= Pocho Lepratti =

Argentine political activist (1966 – 2001)

Claudio Hugo Lepratti (27 February 1966 – 19 December 2001), popularly known as Pocho Lepratti, was an Argentine political activist volunteer who worked in a poor neighbourhood in the city of Rosario (province of Santa Fe, Argentina), and who was shot and killed by the Santa Fe Provincial Police during the December 2001 riots, when he tried to stop police agents from firing at a children's school.

He has recently been proposed as a candidate for sainthood.

== Biography ==
=== Early years and work ===
Lepratti was born in Concepción del Uruguay, Entre Ríos, and studied Law between 1983 and 1985, while at the same time serving as a cooperator of the Salesians of Don Bosco. After that, he entered the Ceferino Namuncurá Salesian Seminary in Funes, Santa Fe (a town in the Greater Rosario area), as a coadjutor brother. He studied Philosophy and became a professor.

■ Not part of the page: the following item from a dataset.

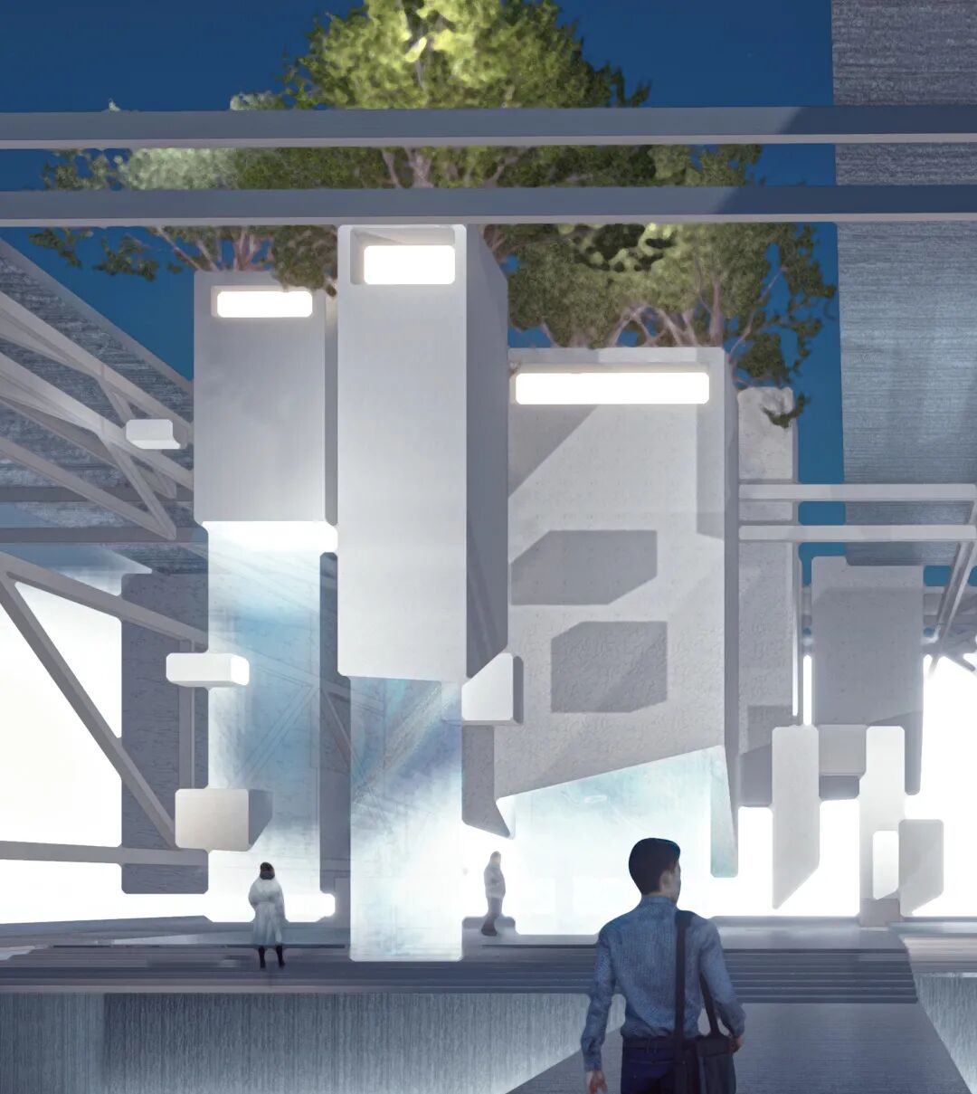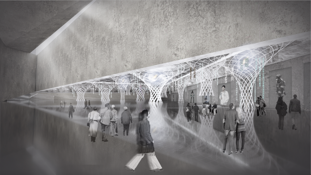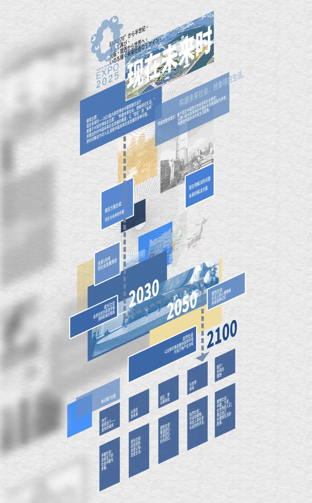 现在未来时——2025大阪世博会中国馆概念设计是基于大阪世博会总主题:“构建未来社会,想象明日生活。”所提出的对中国未来社会发展的展望。以“现在”到“未来”的时间推进为切入点,选取了由近到远数个时段的人类未来社会发展面貌,由此对应到各个展厅之中,探索中国未来社会发展的多种可能。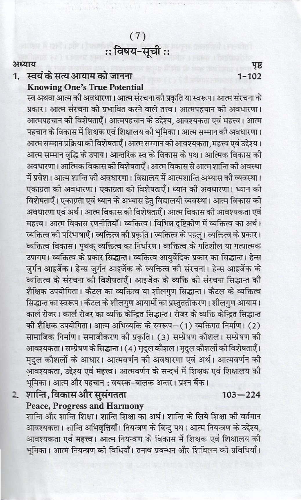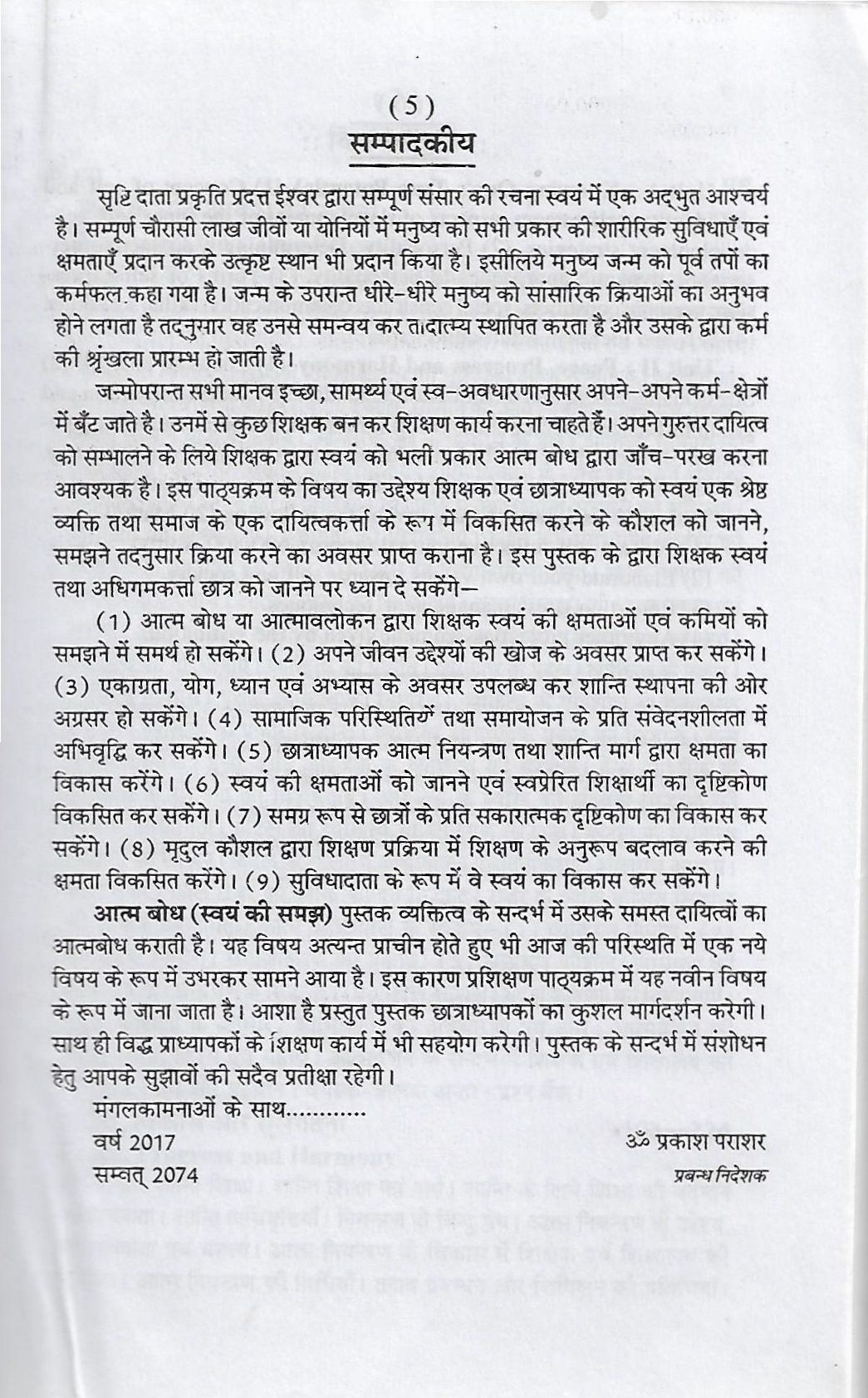 जन्मोपरान्त सभी मानव इच्छा, सामर्थ्य एवं स्व-अवधारणानुसार अपने-अपने कर्म-क्षेत्रों में बँट जाते है। उनमें से कुछ शिक्षक बन कर शिक्षण कार्य करना चाहते हैं। अपने गुरुत्तर दायित्व को सम्भालने के लिये शिक्षक द्वारा स्वयं को भली प्रकार आत्म बोध द्वारा जाँच-परख करना आवश्यक है। इस पाठ्यक्रम के विषय का उद्देश्य शिक्षक एवं छात्राध्यापक को स्वयं एक श्रेष्ठ व्यक्ति तथा समाज के एक दायित्वकर्ता के रूप में विकसित करने के कौशल को जानने, समझने तदनुसार क्रिया करने का अवसर प्राप्त कराना है। इस पुस्तक के द्वारा शिक्षक स्वयं तथा अधिगमकर्त्ता छात्र को जानने पर ध्यान दे सकेंगे-

The students of the seminary were customarily taken to visit nearby places to get in contact with the everyday reality of the poor and work with them. Lepratti eventually asked to extend this practice to constant work among the poor, but his superiors told him that he needed to take vows of obedience and keep studying. Due to this, after five years he left the seminary and went to live in a villa miseria or shanty town in Barrio Ludueña, Rosario. In the parish led by Father Edgardo Montaldo, he created and coordinated a number of child and youth groups, organizing camping excursions, workshops, etc. He worked as a kitchen assistant in the associated facilities that provided food for the poor children in the villa, and taught philosophy and theology in the parochial school.

=== The murder ===
At the end of 2001, Argentina was nearing the peak of an economic crisis marked by long-term recession and massive unemployment. On 18 December, riots and looting of supermarkets and stores, initiated by activists who requested food, broke out in Rosario and Greater Buenos Aires. President Fernando de la Rúa dictated a state of emergency, suspending constitutional guarantees, and violent repression ensued.Lepratti lived in the villa miseria in Ludueña but was doing daily volunteer work in a school located in Barrio Las Flores, a poor neighbourhood in southern Rosario. On 19 December, the Santa Fe Provincial Police raided the area of the school to suffocate an evolving protest, with people picketing and blocking a nearby major avenue. Lepratti and two other members of the school staff climbed to the roof of the school to assess the situation, and amid the shooting, they demanded that the police cease fire: "Lay down your weapons, inside there is only children eating."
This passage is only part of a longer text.